Saturday, December 26, 2020

Succulent Steamed Stuffing

This steamed stuffing "pudding" is a game changer! I mean, stuffing in your turkey is ok but then you've got to dig it out and roasting time is a little longer. And whenever I try making stuffing in a casserole it comes out on the dry side. This way it comes out so moist and the presentation is great don't you think?! Also, using a slow cooker frees up space in the oven.


Ingredients:
2 1/2 cups dry seasoned croutons
1 tbsp fresh chopped parsley
1 tsp dry savory
1/2 - 1 tsp salt (less if the croutons are salty)
1/4 tsp celery seed
pinch of pepper
1/4 cup chopped onion
2 tbsps chopped celery

1 tbsp butter
1 cup chicken broth
1 egg, beaten

In a large bowl combine the croutons, all the seasonings, onion and celery. Put the butter on top. Then microwave the broth about 1 minute, warm enough to melt the butter, and pour over and mix well. Let cool before adding the egg.

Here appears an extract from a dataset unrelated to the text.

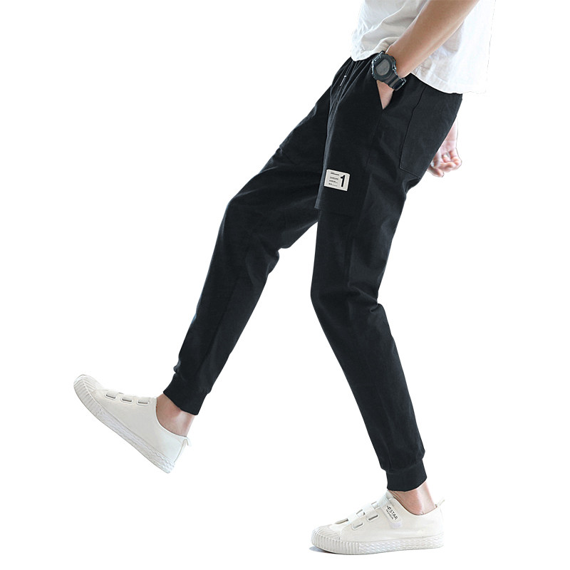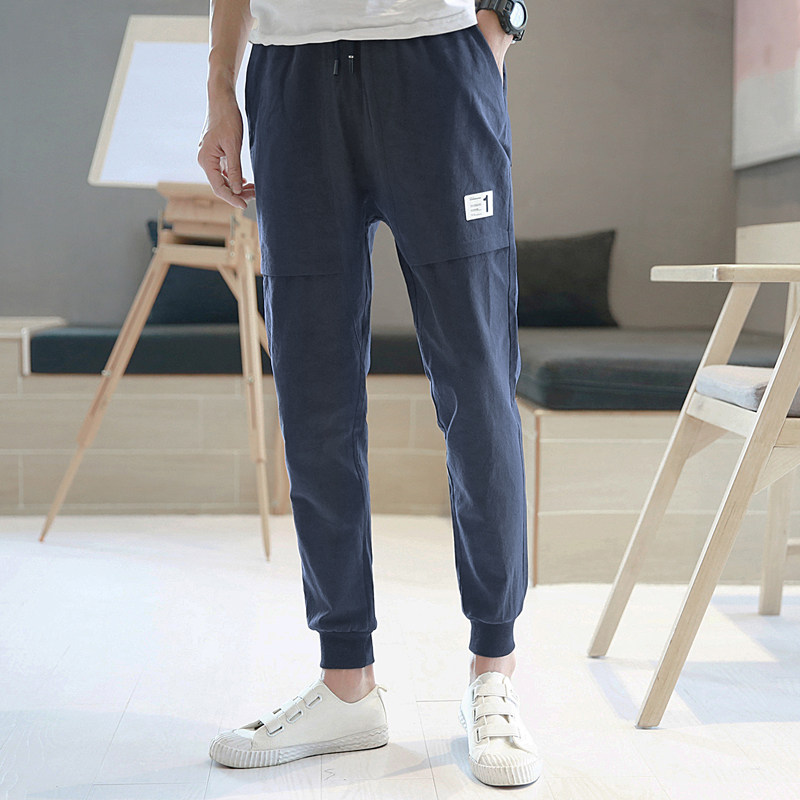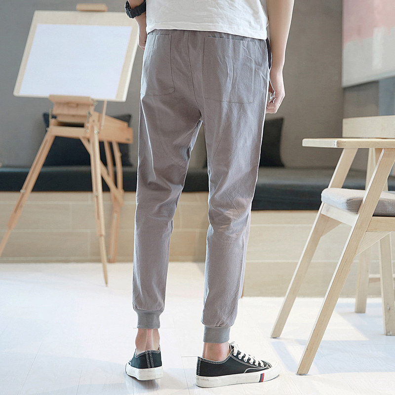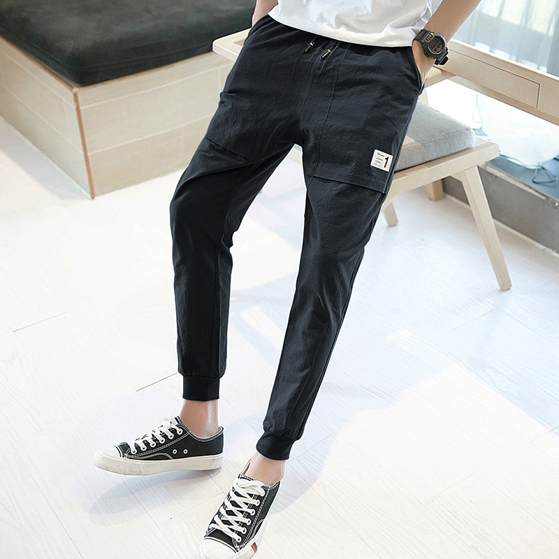 Summer men's casual pants drawstring pants Korean version of the trend Harem pants nine-point pants car label small feet sweatpants pants men

Butter a 4 cup pudding bowl or any heat proof bowl. Press about half the stuffing into the bowl, then add the rest and press again.

Cover the top with a piece of parchment paper then completely cover and seal the bowl with foil. Place a rack, or rolled up piece of foil to form a rack, in the bottom of the slow cooker. Place the bowl on it, fill with water to about two thirds up the side of the bowl, cover cooker and set to low for 3 hours. If you're in a hurry then set it on high for 30 minutes or until heated through.


Remove from slow cooker and unwrap. Let rest about 15 minutes then run a thin knife around the edge, place a plate on top and turn it over. TahDah! Savory steamed pudding! If you are not quite ready to serve it then just place the pudding bowl back on top to keep warm. You can even microwave it if you need to .


Then just slice and serve!


I don't think I'll ever go back to stuffing a bird again!